_Aim of the exercise:_ From the first line of the listing below to the line with "Stylo bille en", print each line exactly, and nothing more. Leave out the pictures.

_Data block:_
::::::::::
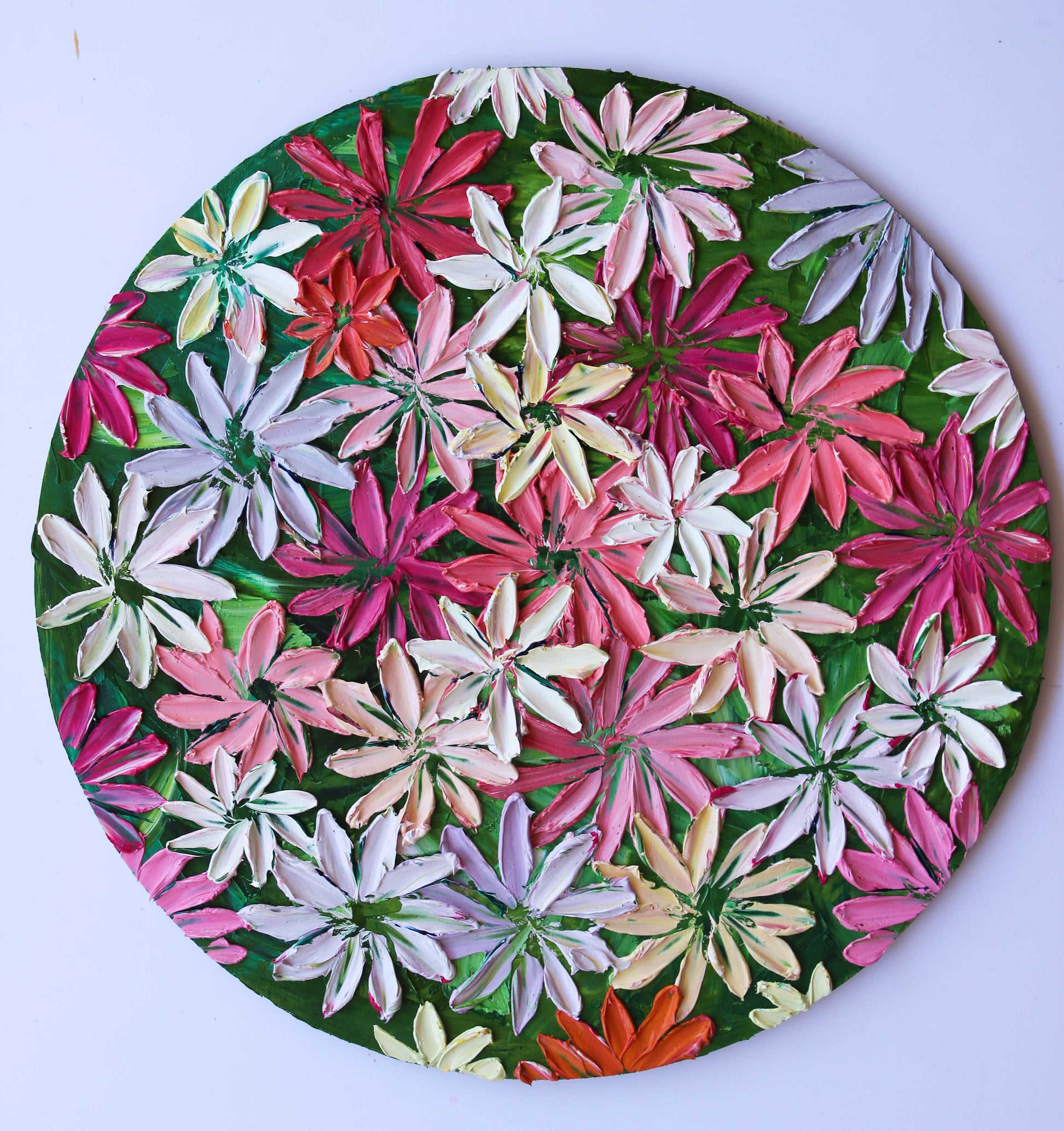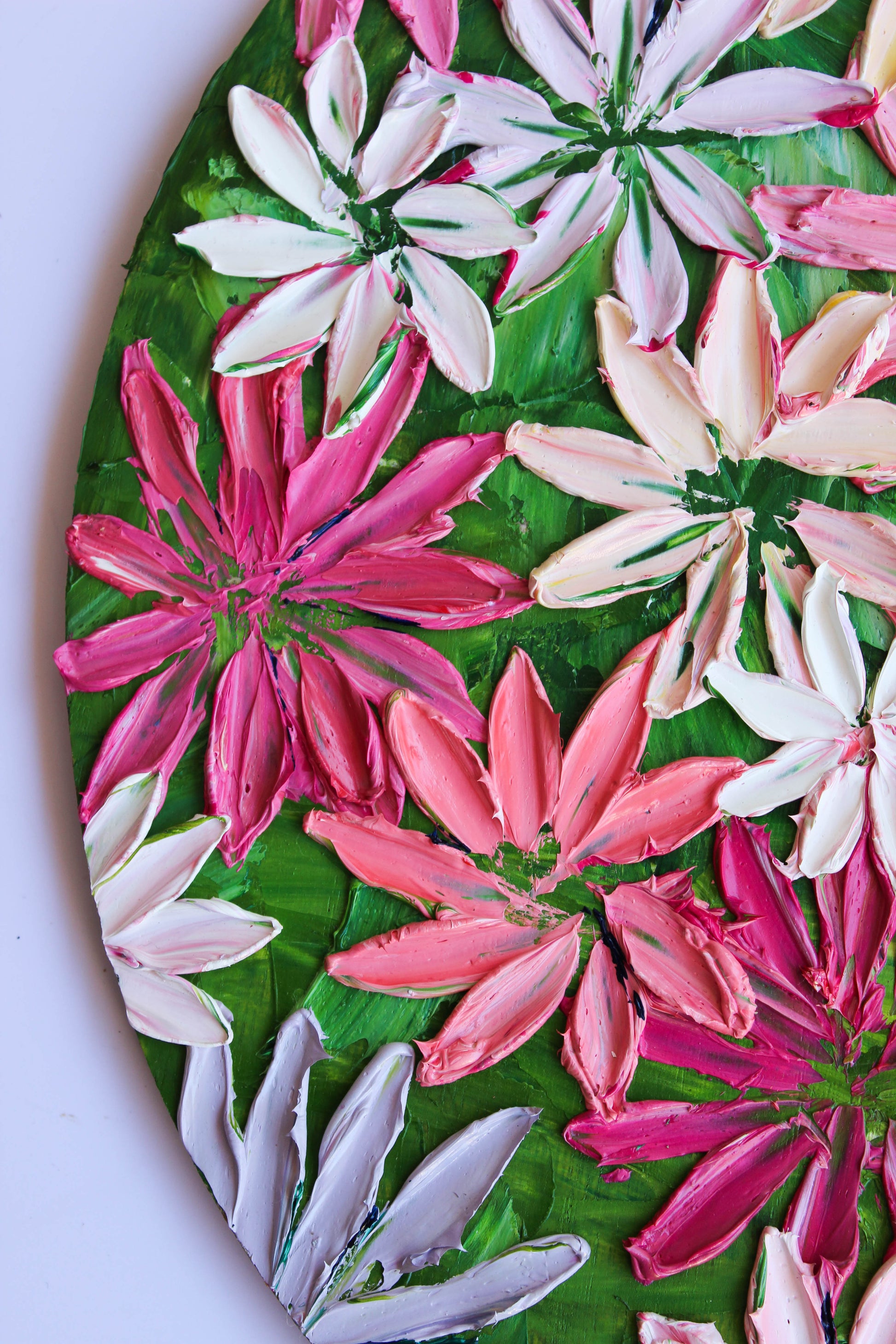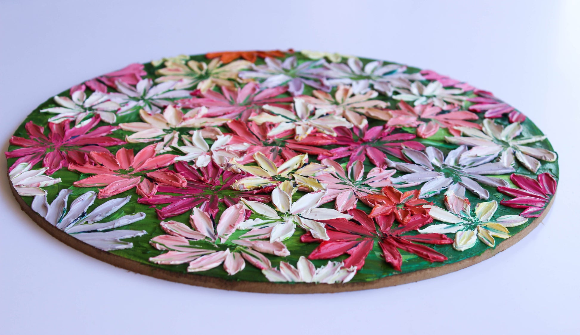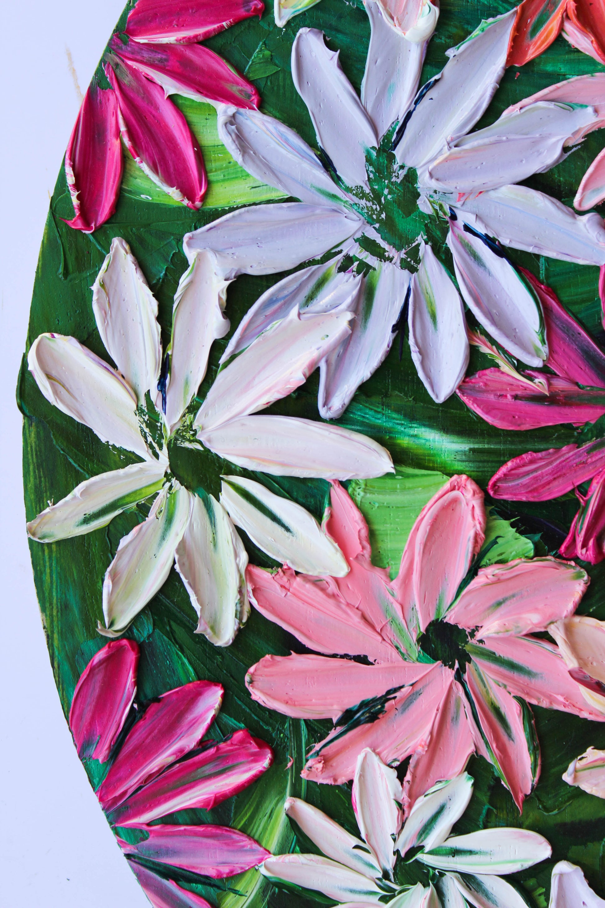 A textured impasto palette knife painting in oil, featuring colorful flowers blooming during spring time. This artwork has thick layers of paint that gives the viewer a 3D effect.
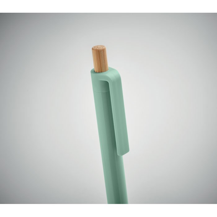 Stylo bille en ABS recyclé avec bouton poussoir en bambou. Encre bleue.plus
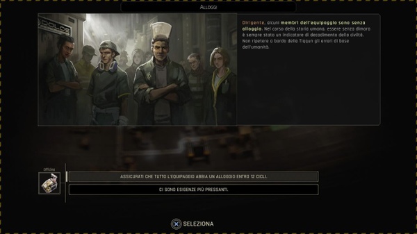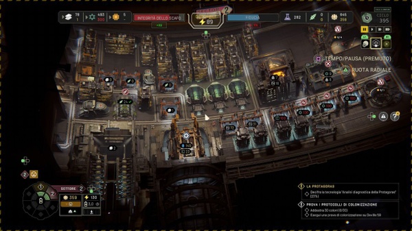 A questo si aggiunge, come accennato in precedenza, che ogni nuovo balzo che effettuerete con la Tiqqun, corrispondente ad un nuovo capitolo della trama, vi porterà in un luogo sconosciuto con nuove esplorazioni da svolgere e nuove decisioni da prendere quasi alla cieca, il tutto portandovi appresso gli errori logistici commessi nei capitoli precedenti con in più il decadimento stesso della struttura. Il gioco offre tre livelli di difficoltà – Viaggio, Standard e Sfida – ed il consiglio è di cominciare dal più basso dove alcuni errori critici vengono perdonati e si può provare a correggere. A prescindere da ciò non è affatto una pessima idea quella di interrompere la prima partita dopo uno o due capitoli per cominciare da capo con una migliore concezione di come gestire il tutto; è comunque possibile customizzare i parametri di gioco a proprio piacimento.
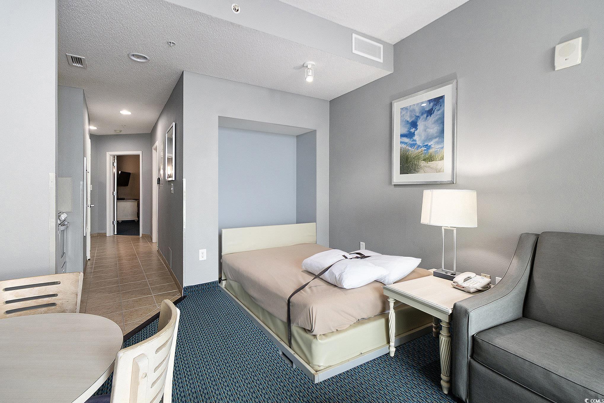 Wake up to breathtaking views of the Atlantic Ocean from the private oceanfront balcony of this stunning 1-bedroom, 1-bath condo at the highly sought-after Avista Resort. Perfectly situated within walking distance to all the excitement of Main Street in North Myrtle Beach, this beautifully maintained condo offers both comfort and strong rental potential. The open living and dining area provides plenty of space to relax, complete with a convenient Murphy bed for extra guests. The full kitchen is equipped with modern appliances, including a stove, refrigerator, microwave, and dishwasher--ideal for preparing home-cooked meals. The primary bedroom features two beds, generous closet space, and plenty of natural light. The bathroom includes a single sink vanity, and a tub/shower combination. A laundry closet with a stackable washer and dryer adds everyday convenience. The Avista Resort offers an abundance of amenities designed for relaxation and entertainment. Spend your days floating along the lazy river, soaking in the hot tubs, or taking a dip in the indoor and outdoor pools. Enjoy on-site dining options, tropical bars, and easy beach access just steps away from your door. Whether you're seeking a vacation retreat, an investment property, or a seaside escape to call home, this condo offers it all. Golf courses, restaurants, shops, and entertainment are all nearby, ensuring something for everyone to enjoy. From fishing piers to award-winning shows, the best of the Grand Strand is right at your fingertips. Convenient access to grocery stores, medical centers, banks, and daily essentials makes this location as practical as it is scenic. Don't miss your chance to own this incredible oceanfront retreat--schedule your private tour today!
::::::::::
_Response to the exercise:_
 A textured impasto palette knife painting in oil, featuring colorful flowers blooming during spring time. This artwork has thick layers of paint that gives the viewer a 3D effect.
 Stylo bille en ABS recyclé avec bouton poussoir en bambou. Encre bleue.plus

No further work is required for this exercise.